Commune with nature (Source: Google images) 

In another study from the University of East Anglia and published in the journal Environmental Research, it is observed that spending time around nature or outdoors has immense health gains.
The new study shows that exposure to greenspace lessens the danger of contracting type II diabetes, cardiovascular disease, premature death, preterm birth, stress, and high blood pressure. For this reason therefore, populations highly exposed to greenspace have a more likelihood to generally report good health going by a worldwide statistics involving more than 290 million people.
"Spending time in nature certainly makes us feel healthier, but until now the impact on our long-term wellbeing hasn't been fully understood, said Caoimhe Twohig-Bennett, head of the team from UEA's Norwich Medical School.
"We gathered evidence from over 140 studies involving more than 290 million people to see whether nature really does provide a health boost."
They took account of records from 20 countries comprising the UK, the US, Spain, France, Germany, Australia and Japan, etc. where Shinrin yoku or 'forest bathing' is already a common practice.
"We found that spending time in, or living close to natural green spaces, is associated with diverse and significant health benefits. It reduces the risk of type II diabetes, cardiovascular disease, premature death, and preterm birth, and increases sleep duration.
"People living closer to nature also had reduced diastolic blood pressure, heart rate and stress. In fact, one of the really interesting things we found is that exposure to greenspace significantly reduces people's levels of salivary cortisol -- a physiological marker of stress.
"This is really important because in the UK, 11.7 million working days are lost annually due to stress, depression or anxiety."
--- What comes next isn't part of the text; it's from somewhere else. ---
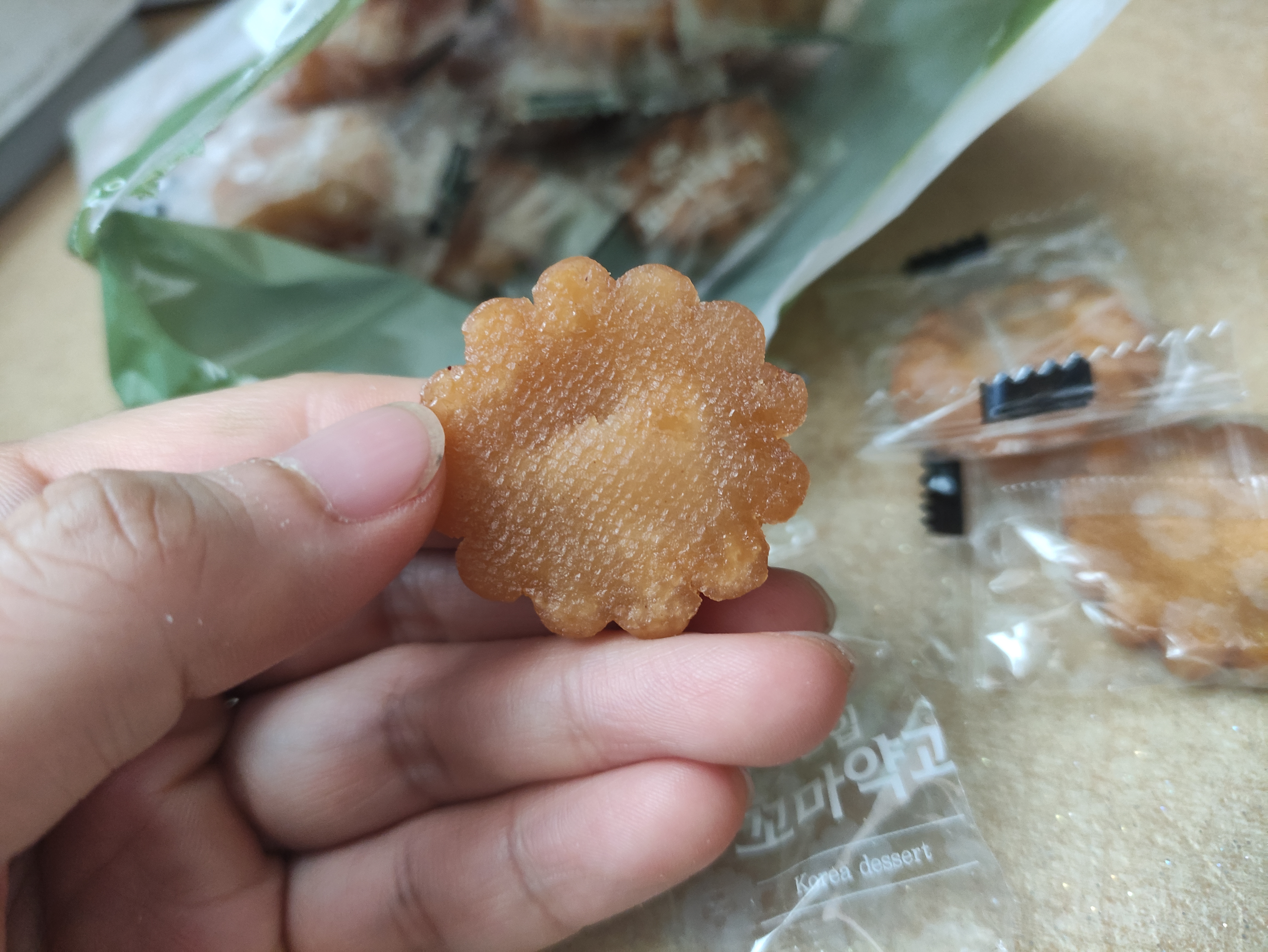 포장봉투를 열면 이렇게 개별포장된 꼬마약과가 나와요. 약과가 서로 들러붙을수있어서 이렇게 개별포장했나봐요. 하나씩 깔끔하게 먹을 수 있어서 좋아요.

Enjoy freshness and no pollution with it (Source: Google images)

"Forest bathing is already really popular as a therapy in Japan -- with participants spending time in the forest either sitting or lying down, or just walking around. Our study shows that perhaps they have the right idea!
"Although we have looked at a large body of research on the relationship between greenspace and health, we don't know exactly what it is that causes this relationship.
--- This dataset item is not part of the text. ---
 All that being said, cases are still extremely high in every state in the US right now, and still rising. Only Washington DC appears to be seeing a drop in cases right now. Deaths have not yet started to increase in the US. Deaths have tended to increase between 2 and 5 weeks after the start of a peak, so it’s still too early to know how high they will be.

"People living near greenspace likely have more opportunities for physical activity and socialising. Meanwhile, exposure to a diverse variety of bacteria present in natural areas may also have benefits for the immune system and reduce inflammation.
"Much of the research from Japan suggests that phytoncides -- organic compounds with antibacterial properties -- released by trees could explain the health-boosting properties of forest bathing."
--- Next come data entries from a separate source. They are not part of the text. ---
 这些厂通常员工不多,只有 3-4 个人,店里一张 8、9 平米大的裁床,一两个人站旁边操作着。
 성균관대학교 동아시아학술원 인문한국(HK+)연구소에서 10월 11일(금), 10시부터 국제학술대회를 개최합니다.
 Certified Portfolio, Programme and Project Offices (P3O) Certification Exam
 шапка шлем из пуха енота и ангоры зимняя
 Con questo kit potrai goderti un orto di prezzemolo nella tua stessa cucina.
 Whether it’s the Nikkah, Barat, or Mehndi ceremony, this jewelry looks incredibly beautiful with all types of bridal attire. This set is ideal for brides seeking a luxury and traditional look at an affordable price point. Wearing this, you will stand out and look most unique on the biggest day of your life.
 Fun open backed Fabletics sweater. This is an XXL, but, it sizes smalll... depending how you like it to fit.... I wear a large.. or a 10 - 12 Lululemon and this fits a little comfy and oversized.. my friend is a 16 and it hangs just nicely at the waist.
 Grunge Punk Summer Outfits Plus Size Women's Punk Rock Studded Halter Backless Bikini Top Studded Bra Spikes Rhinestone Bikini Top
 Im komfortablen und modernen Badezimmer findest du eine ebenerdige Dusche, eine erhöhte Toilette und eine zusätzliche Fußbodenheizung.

Study Co-author Prof. Andy Jones, also from UEA, said: "We often reach for medication when we're unwell but exposure to health-promoting environments is increasingly recognised as both preventing and helping treat disease. Our study shows that the size of these benefits can be enough to have a meaningful clinical impact."
The team looks forward to doctors and other healthcare experts endorsing their findings for treatment of patients – spending more time in greenspace and natural environments.
"We hope that this research will inspire people to get outside more and feel the health benefits for themselves. Hopefully our results will encourage policymakers and town planners to invest in the creation, regeneration, and maintenance of parks and greenspaces, particularly in urban residential areas and deprived communities that could benefit the most," stated Twohig-Bennett.